Always begin by reminding yourself that the fact that some activity is measureable does not make it worth measuring, indeed, the ease of measuring may be inversely proportional to the significance of what is measured.
To put it another way, ask your self, is what you are measuring a proxy for what you really want to know?
3. How useful are more metrics?
Remember that measured performance, when useful, is more effective in identifying outliers, especially poor performers or true misconduct
4. What are the costs of not relying upon standardised measurement?
Are there other sources of information about performance, based on the judgment and experience of clients, patients, or parents of students?
5. To what purposes will the measurement be put, or to put it another way, to whom will the information be made transparent?
Here a key distinction is between data to be used for purposes of internal monitoring of performance by the practitioners themselves versus data to be used by external parties for reward and punishment
Measurement instruments, such as tests, are invaluable, but they are most useful for internal analysis by practitioners rather than for external evaluation by public audiences who may fail to understand their limits.
Such measurement can be used to inform practitioners of their performance relative to their peers, offering recognition to those who have excelled and offering assistance to those who have fallen behind. To the extent that they are used to determine continuing employment and pay, they will be subject to gaming the statistics or to outright fraud
6. What are the costs of acquiring the metrics?
Information is never free, and often it is expensive in ways that rarely occur to those who demand more of it. Collecting data, processing it, analysing it all of these take time, and their expense is in the opportunity costs of the time put into them. To put it another way, every moment you or your colleagues or employees are devoting to the production of metrics is time not devoted to the activities being measured.
7. Ask why the people at the top of the organisation are demanding performance metrics.
As we’ve noted, the demand for performance measures sometimes flows from the ignorance of executives about the institutions they’ve been hired to manage, and that ignorance is often a result of parachuting into an organisation with which one has little experience.
8. How and by whom are the measures of performance developed?
Accountability metrics are less likely to be effective when they are imposed from above, using standardised formulas developed by those far from active engagement with the activity being measured. Measurements are more likely to be meaningful when they are developed from the bottom up, with input from teachers, nurses, and the cop on the beat. That means asking those with the tacit knowledge that comes from direct experience to provide suggestions about how to develop appropriate performance standards.
Metrics works best when those measured buy into its purposes and validity.
9. Remember that even the best measures are subject to corruption or goal diversion.
Insofar as individuals are agents out to maximise their own interests, there are inevitable drawbacks to all schemes of measured reward.

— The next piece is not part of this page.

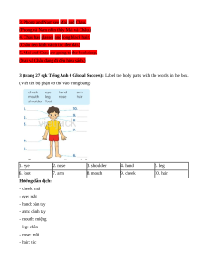 (Viết tên bộ phận cơ thể vào trong bảng) 1. eye 2. nose 3. shoulder 4. hand 5. leg 6. foot 7. arm 8. mouth 9. cheek 10. hair Hướng dẫn dịch: - cheek: má - eye: mắt - hand: bàn tay - arm: cánh tay - mouth: miệng - leg: chân - nose: mũi - hair: tóc - shoulder: vai - foot: bàn chân

That doesn’t mean that performance measures should be abandoned just because they have some negative outcomes. Such metrics may still be worth using, despite their anticipatable problems: it’s a matter of trade-offs. And that too is a matter of judgment.
10. Remember that sometimes, recognising the limits of the possible is the beginning of wisdom.

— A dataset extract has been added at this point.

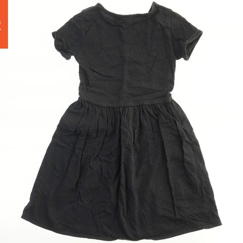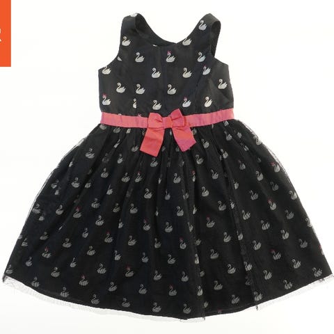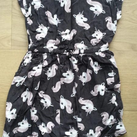 Mørkeblå pigekjole uden ærmer med hvide kanter og et print med teksten 'UNICORN LEAGUE' samt et motiv af en enhjørning på fronten. Kjolen har en linning i hvid, der adskiller toppen fra den nederste del af kjolen, som har fine folder.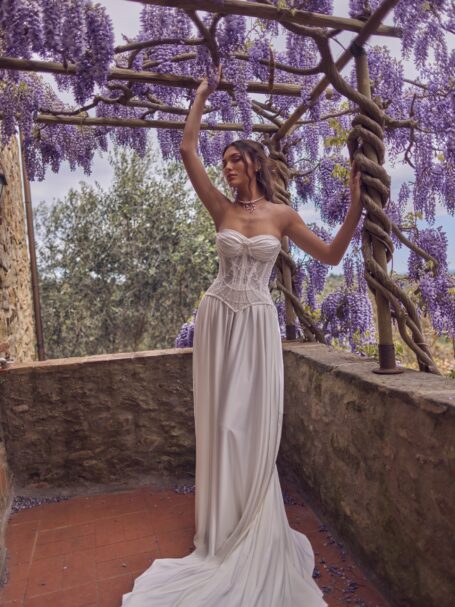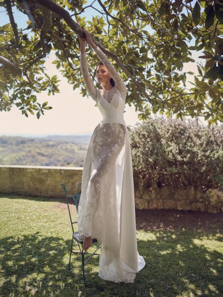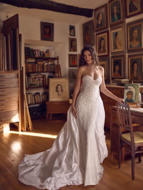 Have you considered a jaw-dropping and dramatic entrance for your ceremony? Our luxurious cathedral-length train wedding gowns will make you queen of the spotlight, ensuring all the guests’ eyes are on you. Our exclusive models balance timeless traditional design and dazzling elements to enhance your natural beauty. Feel like a real-life princess with our mesmerizing cathedral train dresses!

Not all problems are soluble, and even fewer are soluble by metrics. It’s not true that everything can be improved by measurement, or that everything that can be measured can be improved. Nor is making a problem more transparent necessarily a step to its solution. Transparency may make a troubling situation more salient, without making it more soluble.
Ultimately, the issue is not one of metrics versus judgment, but metrics as informing judgment, which includes knowing how much weight to give to metrics, recognising their characteristic distortions, and appreciating what can’t be measured. In recent decades, too many politicians, business leaders, policymakers, and academic officials have lost sight of that.